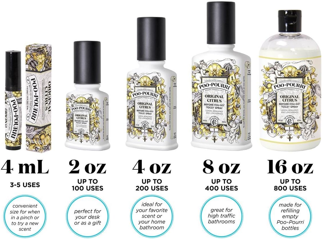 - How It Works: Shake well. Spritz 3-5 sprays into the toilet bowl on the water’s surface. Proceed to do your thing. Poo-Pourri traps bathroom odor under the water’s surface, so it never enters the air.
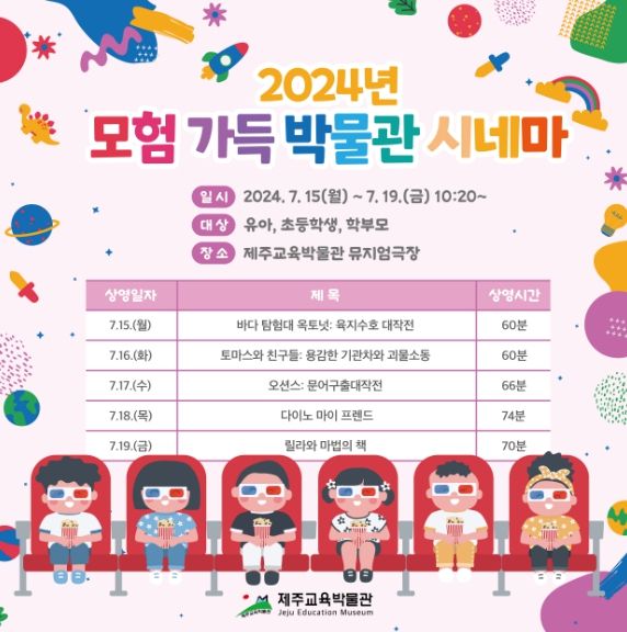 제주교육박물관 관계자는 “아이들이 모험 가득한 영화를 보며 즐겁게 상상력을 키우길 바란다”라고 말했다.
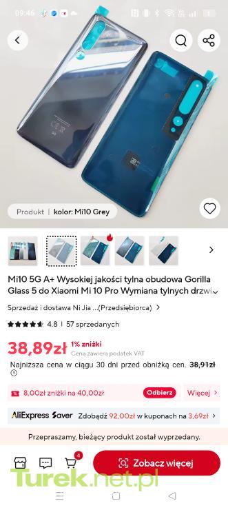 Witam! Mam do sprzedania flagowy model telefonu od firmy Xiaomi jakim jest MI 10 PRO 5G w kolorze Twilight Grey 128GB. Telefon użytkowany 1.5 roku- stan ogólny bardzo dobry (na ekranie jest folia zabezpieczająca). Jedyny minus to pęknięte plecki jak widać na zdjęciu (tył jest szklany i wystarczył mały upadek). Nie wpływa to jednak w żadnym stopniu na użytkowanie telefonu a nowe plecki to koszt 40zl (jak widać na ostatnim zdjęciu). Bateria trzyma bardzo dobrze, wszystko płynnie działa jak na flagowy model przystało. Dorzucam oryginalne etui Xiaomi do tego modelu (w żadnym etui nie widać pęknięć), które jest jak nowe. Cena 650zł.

## Try it:
Needed here is a verbatim copy of the data from the first line through the line with "보며 즐겁게 상상력을", without pictures.

## Written solution:
 - How It Works: Shake well. Spritz 3-5 sprays into the toilet bowl on the water’s surface. Proceed to do your thing. Poo-Pourri traps bathroom odor under the water’s surface, so it never enters the air.
 제주교육박물관 관계자는 “아이들이 모험 가득한 영화를 보며 즐겁게 상상력을 키우길 바란다”라고 말했다.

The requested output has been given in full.